The PV panels, in this design, are cleverly sandwiched together with microwave emitters, which transmit the power to a receiving station below.
The NASA group estimated a final cost of an industrial-scale system along the lines of the above to be about $90/MWh (see page 9). That's a really low number, comparable to new coal plants:
Some have proposed using disposable, foldable ultralight solar panels; your panel collects energy for ten years, and then you simply roll out another thin layer of PV. The article just cited (see part 8) estimates such a system could offer a "power density" (a standard measure of the mass-to-current ratio of space-based PV) of 1.2kW/kg. Ignoring things like the earthbound receiver ("rectenna"), the cost of the panels, and the LEO-GEO shuttle service (because they will essentially be rounding errors for the total cost) a 1,200GW baseload system (supplying about half the current global electrical demand of 20,000TWh/year, or 40% or so after transmission losses) with a forty-year life expectancy would mass about one million tons and cost about $2.3 trillion dollars to orbit with the Falcon Heavy rocket.

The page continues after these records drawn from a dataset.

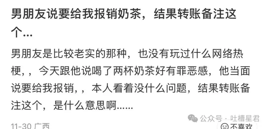 男朋友给我报销奶茶却备注非自愿赠与…?
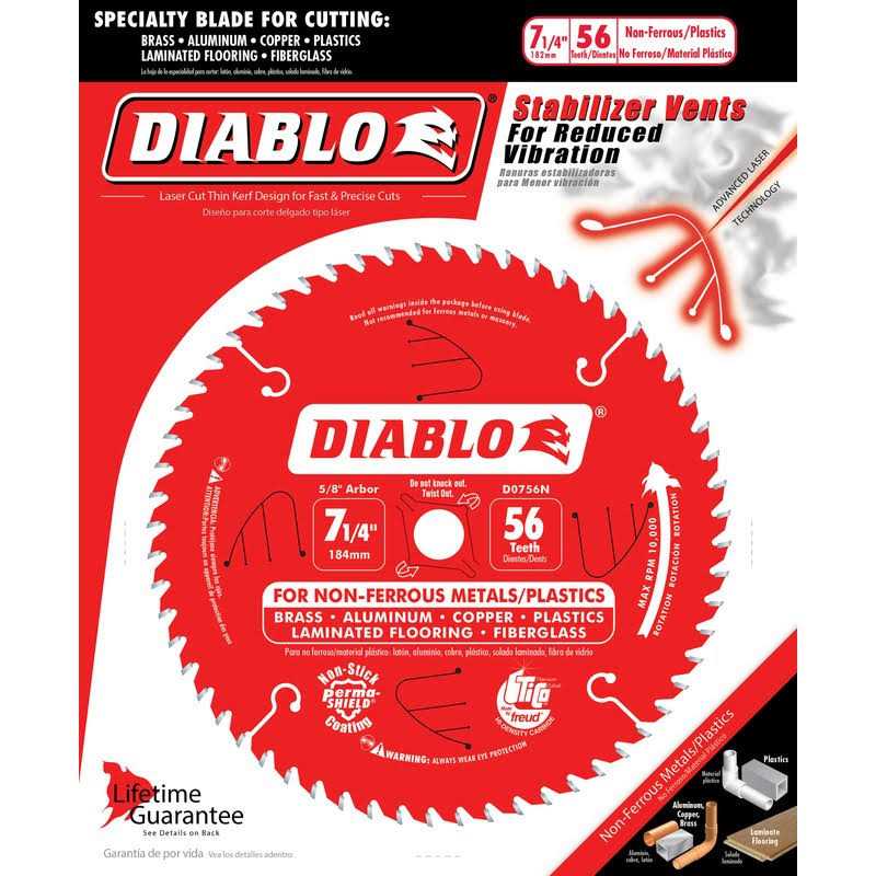 Diablo’s finishing blade is ideal for smooth finish crosscuts in hardwood, softwood or plywood. These blades are the perfect choice when seeking high quality rips and crosscuts using a portable saw. The combination of Diablos application specific TiCo Hi-Density carbide teeth and a super thin-kerf blade deliver smooth cuts, increased cutting speed and longer life. A great choice for jobsite finish cuts in 1X, decking, fencing, fascia and plywood. Specially formulated Diablo TiCo Carbide withstands impact, reduces wear and lasts longer in fine finish applications. Perma-SHIELD non-stick coating protects the blade against heat, gumming and corrosion. Advanced Laser Cut Stabilizer Vents traps noise and vibration for maximum stability, keeping the blade cool with accurate cuts in wood. Super Thin Kerf Design provides less resistance and heat build-up for ease of cut, accuracy and longer cutting life. Tri-Metal Hock Resistant Brazing provides a high performance shock absorber behind every tooth. Laser Cut Arbor reduces vibration and premature wear for accurate blade rotation on cordless and corded saws.
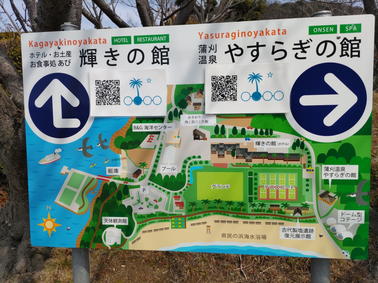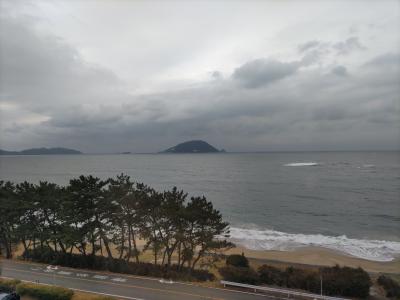 海の中道を西に走り、砂州の上にかかった橋を渡って陸繋島の志賀島に入ると、県道542号通称金印海道が島を一周している。右折して左回りに走っても、直進して右回りに走っても、休暇村は島の西端近くにあるので、ほぼ同じ10数分である。全室オーシャンビューで、玄界灘に沈む夕日の絶景を期待していたが、宿泊した日はあいにく曇天でそれは望めなかった。夕刻、広い温泉でゆっくりくつろいだ。露天風呂は源泉を加温したものだが、泉質は良いような気がして、潮騒を聞きながら入浴を楽しんだ。夕食の「玄界灘海鮮ビュッフェ」は、新鮮な魚介類が提供され、アルコールとともに美味しく頂いた。「九州湯めぐりプラン」と「オフピーク割」を適用したため、宿泊料金は通常よりも実質3000以上も安くなった。なお、今回は自家用車を利用して訪れたが、JR西戸崎駅や志賀島港からホテルの送迎バスが出ているようだ。
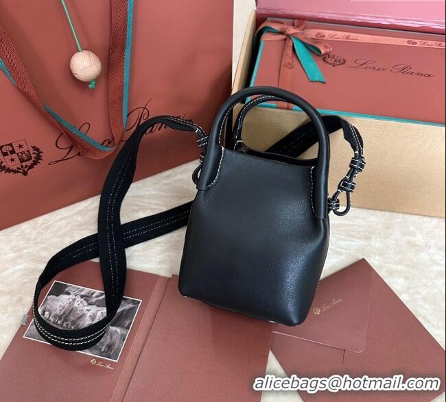 Famous Brand Loro Piana Small Bale Bucket Bag in Smooth Calfskin Leather 0925 Black 2025
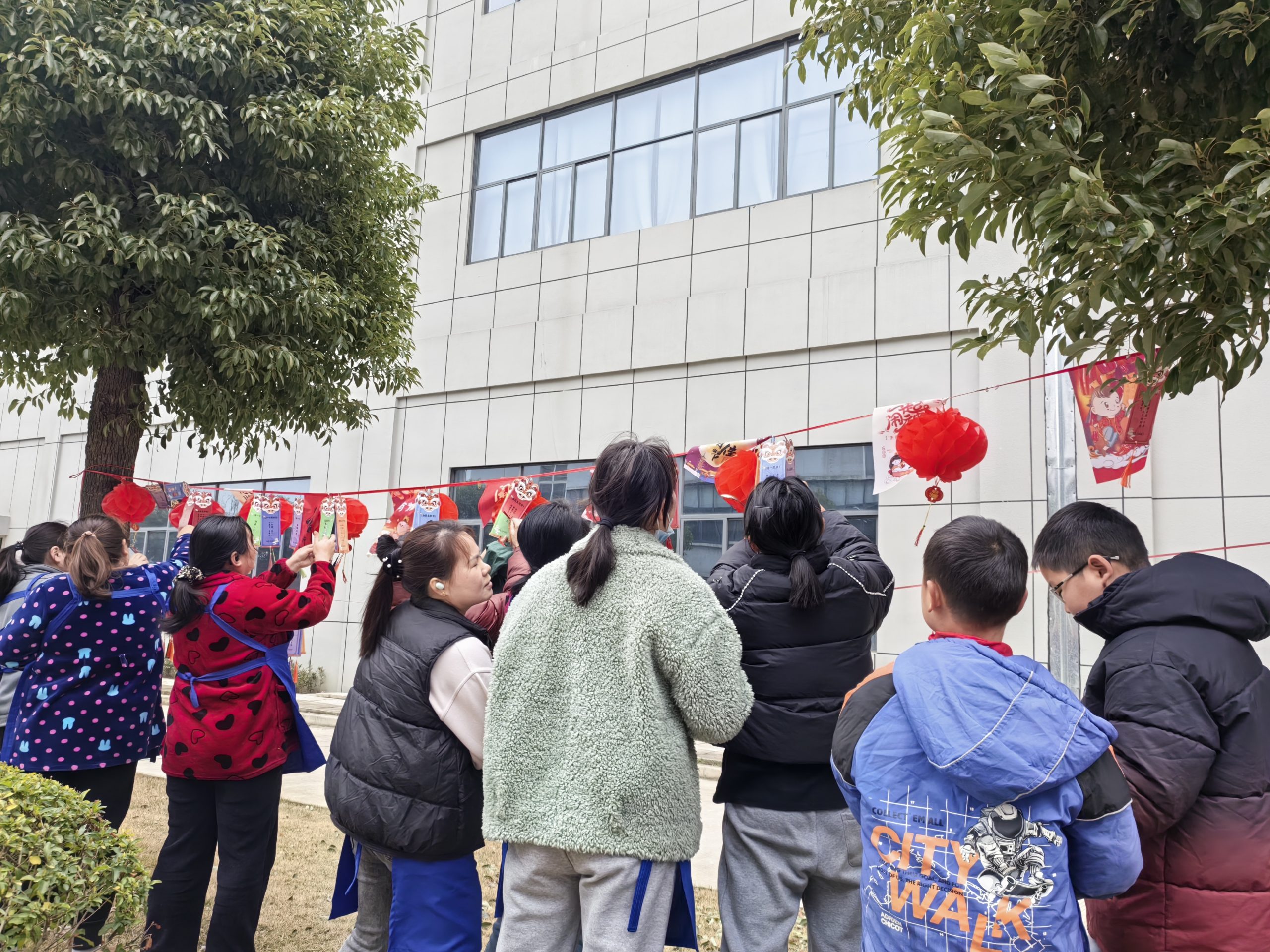 餐廳外停車區的樹上掛滿了幾百條燈謎,內容涵蓋傳統民俗、簡單字謎、成語謎以及少量公司文化、產品相關燈謎,難度適中、通俗易懂,兼顧了趣味性與知識性。活動現場反響熱烈,大家紛紛駐足排隊參與,有的獨自思考,有的三五成群討論謎底,氣氛十分活躍。猜到謎底的同事興奮地前往兌獎區領取獎品,兌獎區前有序排隊的身影,歡聲笑語的交流聲,成為元宵佳節里最動人的風景。
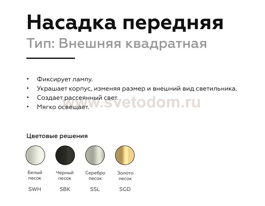 Коллекция DIY Spot предназначена для создания индивидуального светильника, под каждый стиль и интерьер. В многочисленных моделях этой коллекции вы сможете подобрать насадку, любого цвета, материала и текстуры к любому корпусу Коллекции DIY Spot. Насадки могут быть двух типов: передняя, которая уникально украсит ваш корпус и задняя, благодаря которой, возможен любой тип крепления: накладной, подвесной или трековый. Насадки, размером 70*70мм, подойдут к корпусам с размером отверстия 70*70мм.
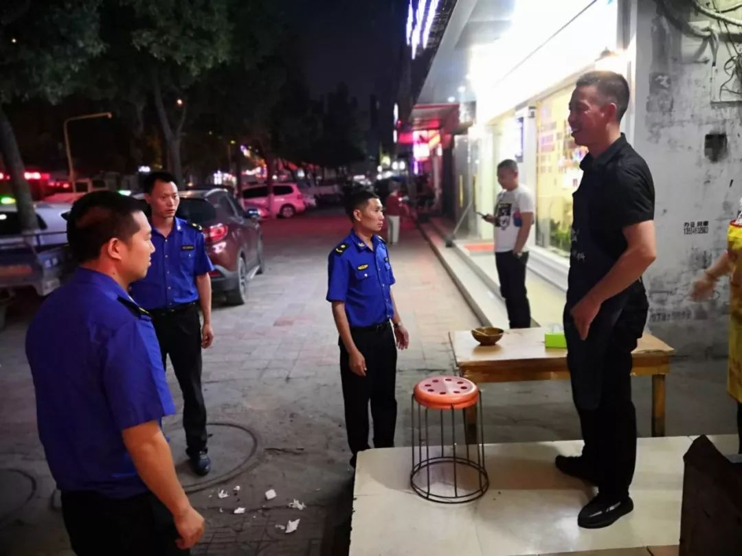 5月25日晚,城管执法队员对舜井道、盖帝大厦周边、文峰西街、香江二期夜市开展巡查管理。
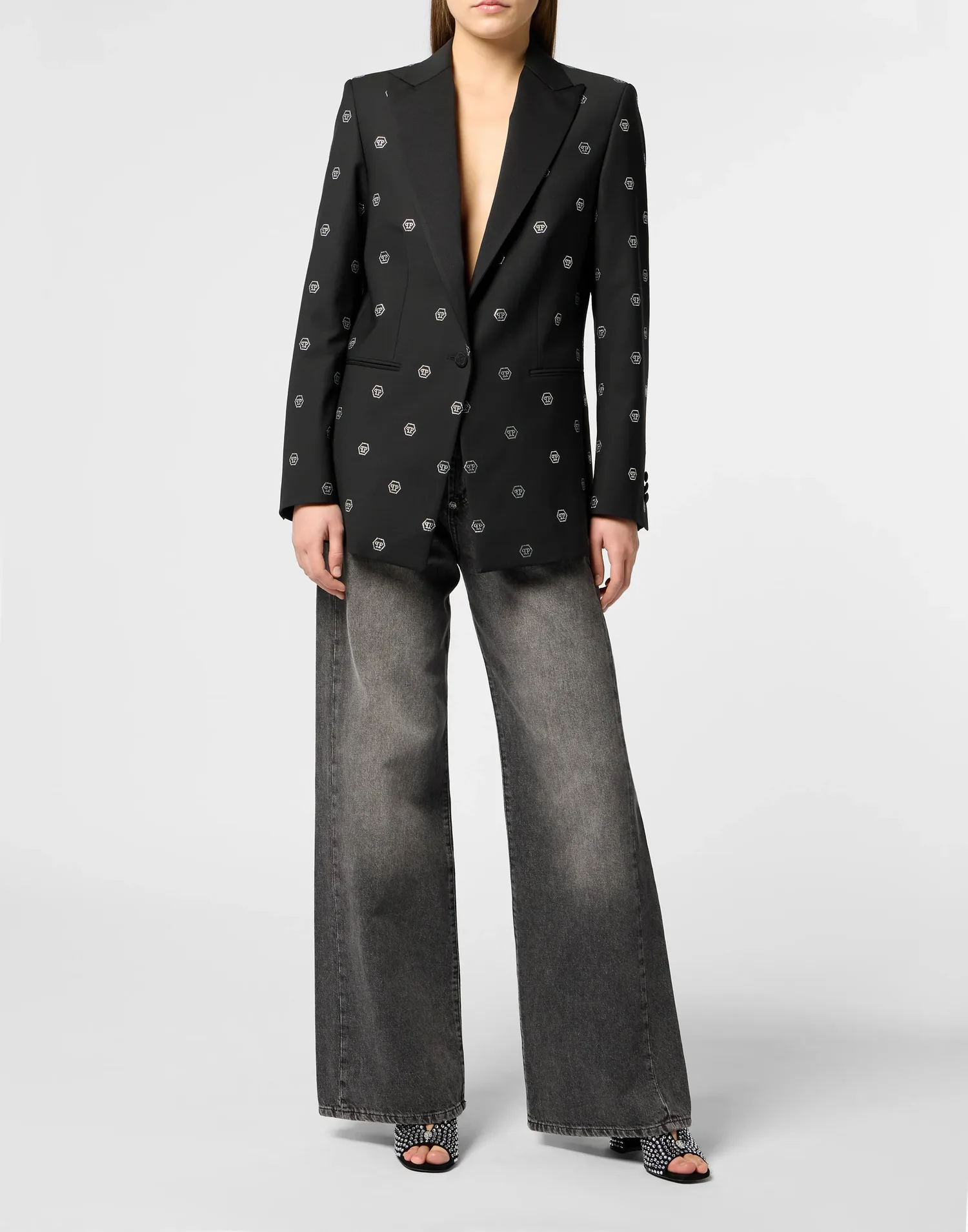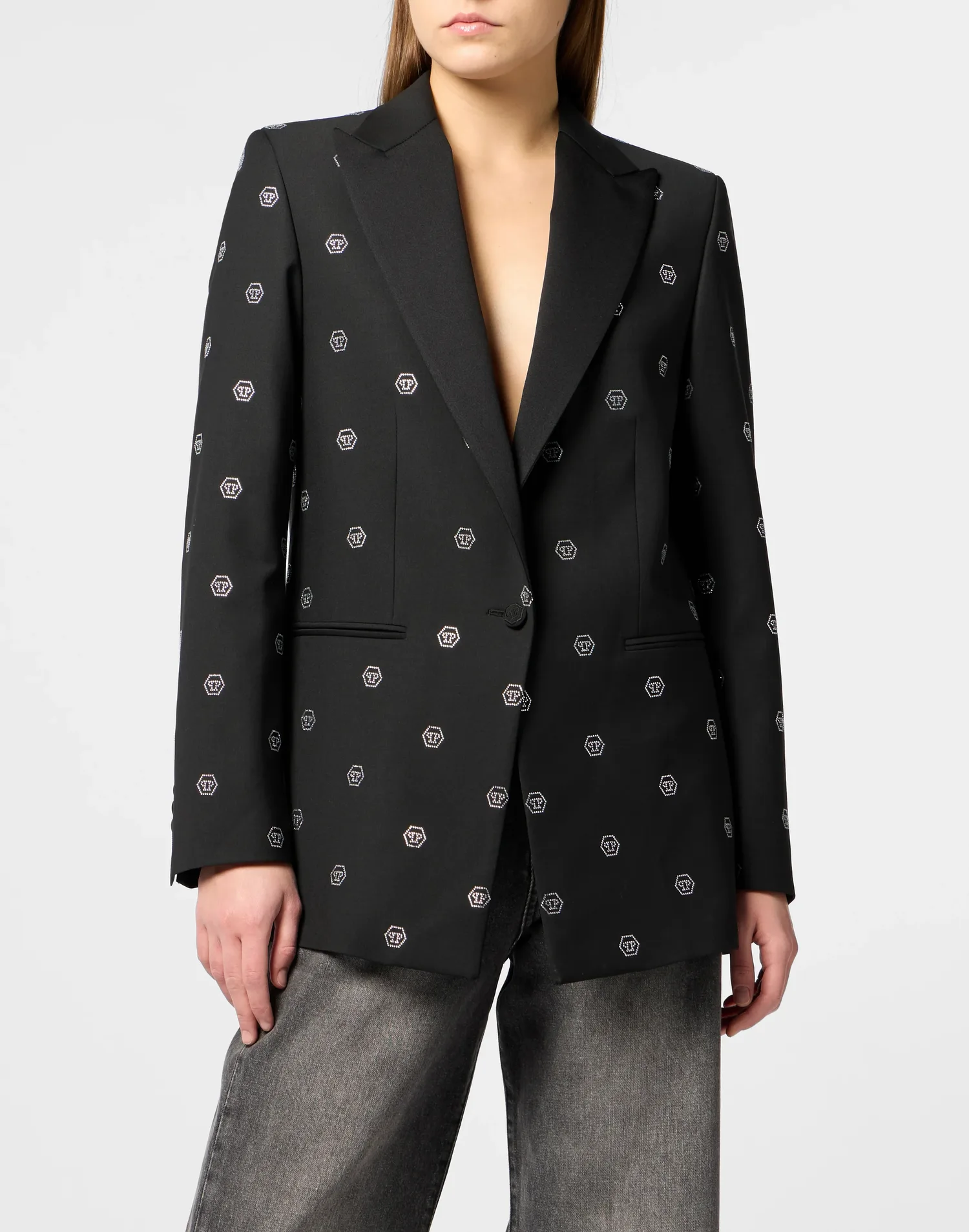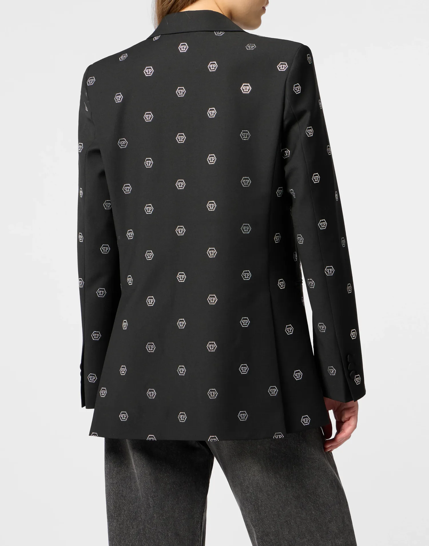 Блейзер в стиле бойфренда с монограммой и стразами Philipp Plein
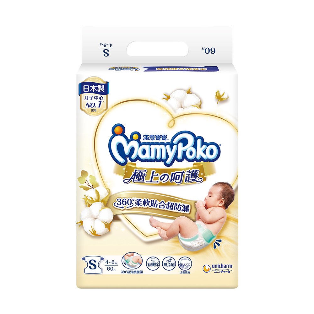 mamypoko 滿意寶寶 極上呵護紙尿褲S-60片x4包/箱(黏貼型/日本白金/尿布)

That's a staggering sum of money -- almost exactly what we have spent, so far, on the wars in Iraq and Afghanistan.
Despite the remarkably low ROI from that, we are still the richest, most powerful nation in the world, however little it feels that way. It's not about technology. It's about ambition. It's not about how we solve the problem. Contrary to popular opinion, there are many possible solutions. It's about making the decision to solve the problem and concentrating all our efforts on what has to be done.
Update (Oct 2020): The current cost to LEO via a reusable Falcon rocket is approximately $2,000/kg. Starship promises to bring that number down to $270/kg. The latter number would bring launch costs down to $270 billion. That is roughly a tenth of what we have spent on coronavirus relief in the last nine months alone.